**BRIEF**
Word for word, repeat the data; no picture should appear in the result.

**COLLECTED DATA**
........

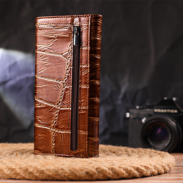 - гаманець упакований у фірмову коробочку. Фактурний жіночий гаманець з натуральної шкіри з крупним тисненням під крокодила. Аксесуар має три широкі відділення для купюр, з двома перегородками, одна перегородка закривається на блискавку, містку монетницю зовні, чотири приховані кишені та шість кишень для карток. Закривається аксесуар клапаном на кнопку. Якщо Ви хочете порадувати себе та здивувати близьких, то неодмінно купуйте шкіряні аксесуари в нашому магазині, якість і ціна Вас однозначно порадує. ОПЛАТА та ДОСТАВКА : накладний платіж з передоплатою 200 грн.Терміни відправлення : 1-3 робочих днів
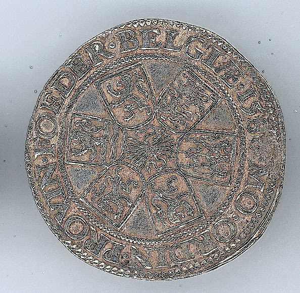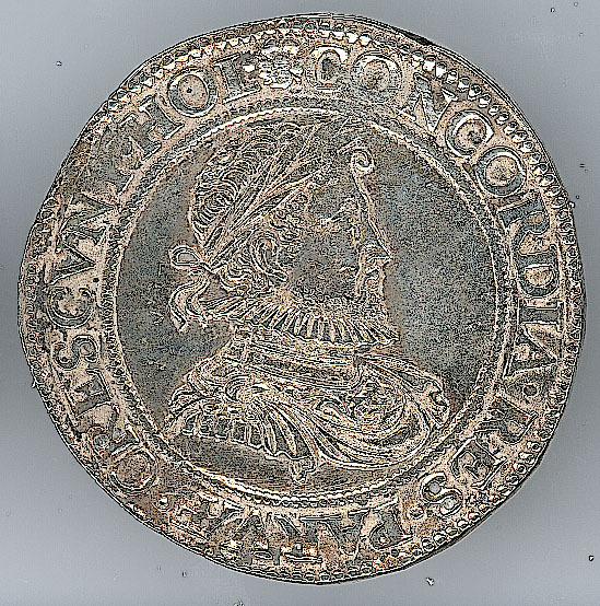 Voorzijde: binnen een parelrand een buste 'en profil' van Leicester met lauwerkrans om het hoofd, met een omschrift. Om het geheel een parelrand.
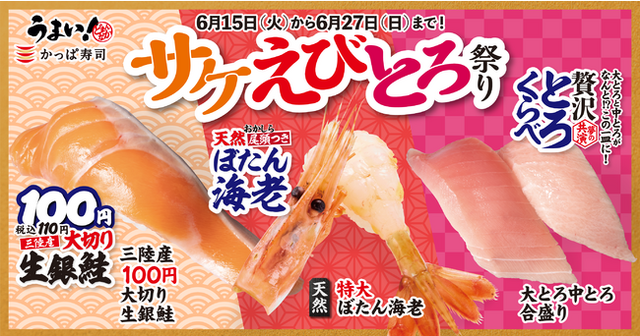 “かっぱ寿司 うまい!品質宣言”後初となる、食べると思わず‘うまい!’がこぼれる6月の“どまんなかネタ”には「サケえびとろ」の厳選した3商品が登場します。
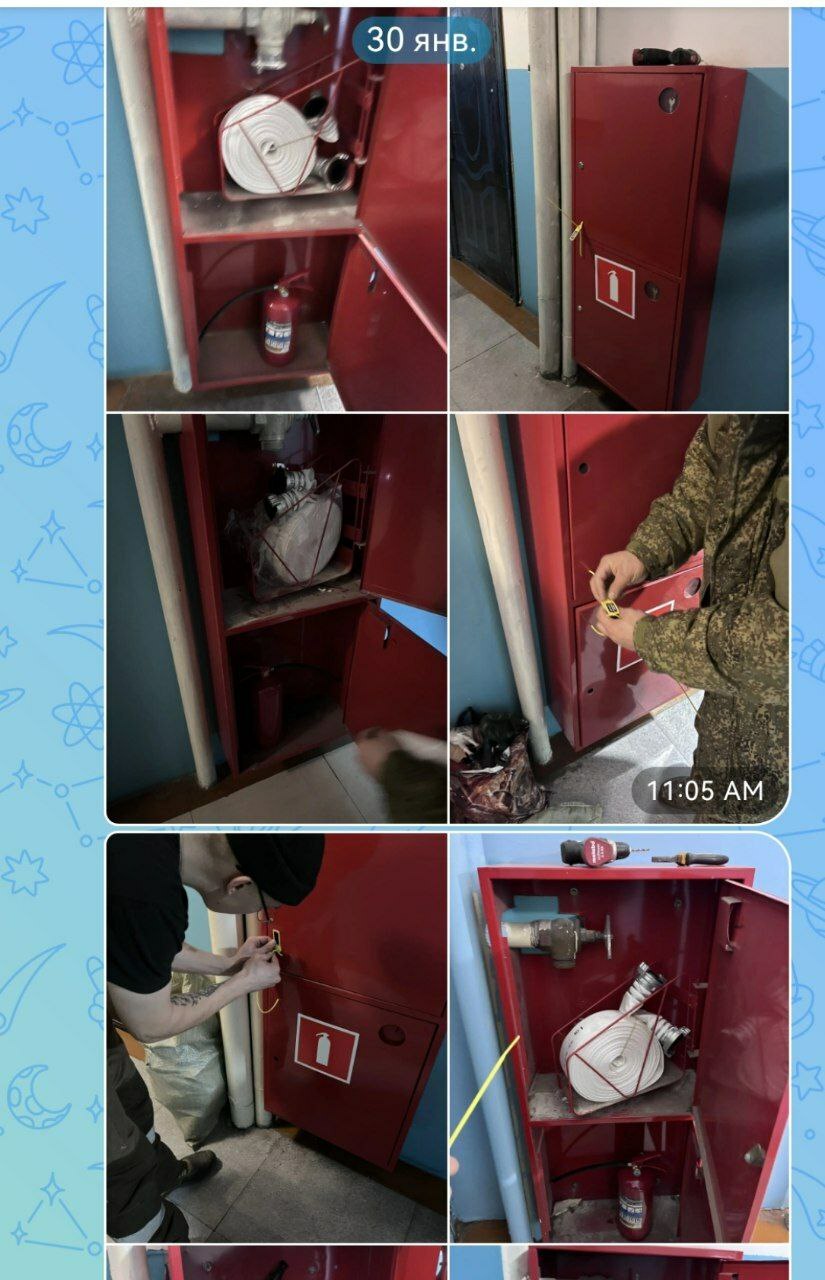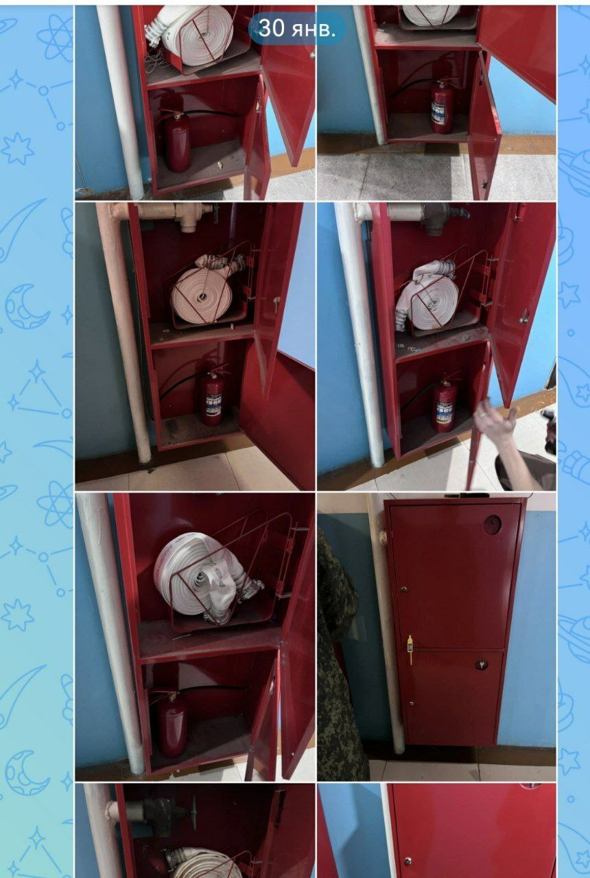 Февраль 2026 - укомплектация пожарных щитов: пожарными гидрантами, огнетушителями опечатка пломбами

........

**REPLY TO THE EXERCISE**
 - гаманець упакований у фірмову коробочку. Фактурний жіночий гаманець з натуральної шкіри з крупним тисненням під крокодила. Аксесуар має три широкі відділення для купюр, з двома перегородками, одна перегородка закривається на блискавку, містку монетницю зовні, чотири приховані кишені та шість кишень для карток. Закривається аксесуар клапаном на кнопку. Якщо Ви хочете порадувати себе та здивувати близьких, то неодмінно купуйте шкіряні аксесуари в нашому магазині, якість і ціна Вас однозначно порадує. ОПЛАТА та ДОСТАВКА : накладний платіж з передоплатою 200 грн.Терміни відправлення : 1-3 робочих днів
 Voorzijde: binnen een parelrand een buste 'en profil' van Leicester met lauwerkrans om het hoofd, met een omschrift. Om het geheel een parelrand.
 “かっぱ寿司 うまい!品質宣言”後初となる、食べると思わず‘うまい!’がこぼれる6月の“どまんなかネタ”には「サケえびとろ」の厳選した3商品が登場します。
 Февраль 2026 - укомплектация пожарных щитов: пожарными гидрантами, огнетушителями опечатка пломбами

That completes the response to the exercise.